Compiling this with GHC 9.6 I get the following simplifier output (using -ddump-simpl and some -dsuppress-* options):

prec1 :: Int
prec1 = I# 0#

prec2 :: Int
prec2 = I# 1#

-- snip --

lvl1 :: Int
lvl1 = I# 2#

lvl2 :: Int
lvl2 = I# 3#

prec :: Value -> Int
prec
  = \ (v :: Value) ->
      case v of {
        __DEFAULT -> lvl1;
        B -> lvl2;
        C -> prec2;
        E -> prec1
      }

Why does this work?

When you write a list literal, GHC will actually desugar it using the build function, which means that if you use a fold then your function can potentially participate in list fusion. For example, if I compile your order with -ddump-ds (which dumps the desugaring output as GHC Core) then I get the following result:

order
  = build
      (\ (@a_d1Pf)
         (c_d1Pg :: [Value] -> a_d1Pf -> a_d1Pf)
         (n_d1Ph :: a_d1Pf) ->
         c_d1Pg
           (build
              (\ (@a_d1P4)
                 (c_d1P5 :: Value -> a_d1P4 -> a_d1P4)
                 (n_d1P6 :: a_d1P4) ->
                 c_d1P5 B n_d1P6))
           (c_d1Pg
              (build
                 (\ (@a_d1P9)
                    (c_d1Pa :: Value -> a_d1P9 -> a_d1P9)
                    (n_d1Pb :: a_d1P9) ->
                    c_d1Pa A (c_d1Pa D n_d1Pb)))
              (c_d1Pg
                 (build
                    (\ (@a_d1Pc)
                       (c_d1Pd :: Value -> a_d1Pc -> a_d1Pc)
                       (n_d1Pe :: a_d1Pc) ->
                       c_d1Pd C n_d1Pe))
                 n_d1Ph)))

So with enough inlining and the fact that both elem and foldl' participate in list fusion as good consumers, the simplifier can optimize your function aggressively using rewrite rules.
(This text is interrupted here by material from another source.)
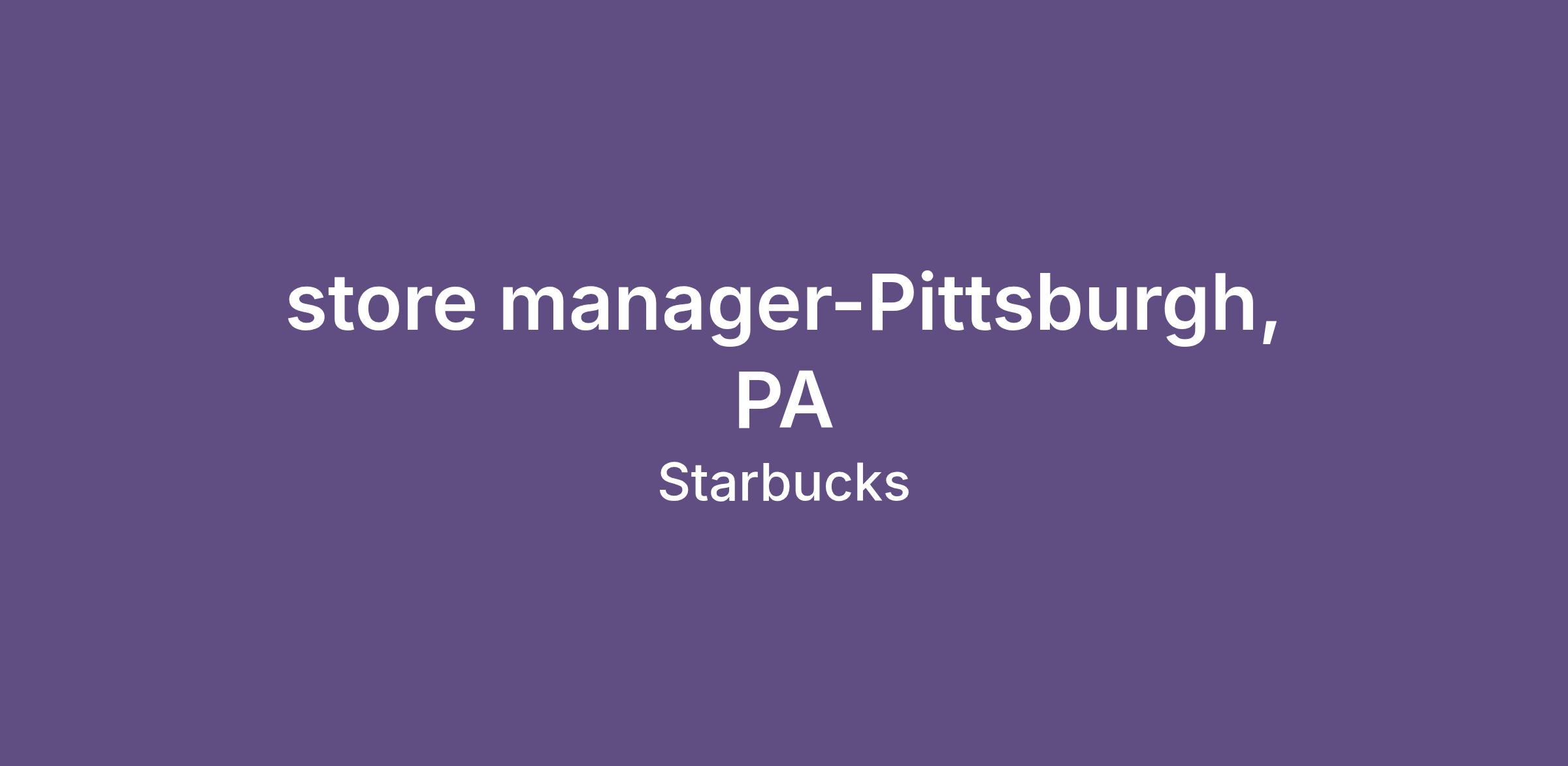 store manager-Pittsburgh, PA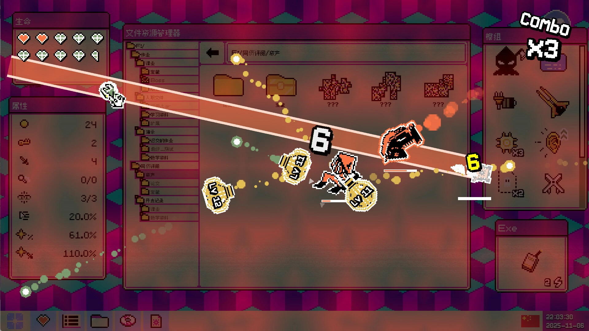 在这被病毒深度感染的电脑操作系统中,成为桌面鼠标的终极化身!在这款爽快的动作肉鸽游戏中,穿梭于如地牢般的文件夹系统,荡清病毒,并通过EXE应用程序不断升级变强!

For completeness, here is a TH solution (template-haskell-2.19.0):

{-# LANGUAGE TemplateHaskell #-}
module PrecTH where
import Language.Haskell.TH
import Data.List (nub)
prec' :: Ord a => [[a]] -> a -> Int
prec' [] _ = 0
prec' (vs : rest) v = if v `elem` vs
then 1 + length rest
else prec' rest v
mkPrecValueDataType :: String -> [[String]] -> DecsQ
mkPrecValueDataType dtName order = pure [
DataD [] dtName' [] Nothing
[ NormalC (mkName c) []
| c <- cstrs ]
[DerivClause Nothing $ ConT <$> [''Eq, ''Ord, ''Show ]]
, SigD (mkName "prec")
$ ArrowT `AppT` ConT dtName' `AppT` ConT ''Int
, FunD (mkName "prec")
[ Clause [ConP (mkName c) [] []]
(NormalB . LitE . IntegerL $ slowPrec c)
[]
| c <- cstrs ]
]
where slowPrec = fromIntegral . prec' order
cstrs = concat order -- apply `sort` here if you like the constructors in alphabetical order
dtName' = mkName dtName

To be used thus

{-# LANGUAGE TemplateHaskell #-}
module PrecValues where
import PrecTH
mkPrecValueDataType "Value" [["B"], ["A","D"], ["C"]]

and producing

ghci> :browse
prec :: Value -> Int
type Value :: *
data Value = B | A | D | C
ghci> prec<$>[A,B,C,D]
[2,3,1,2]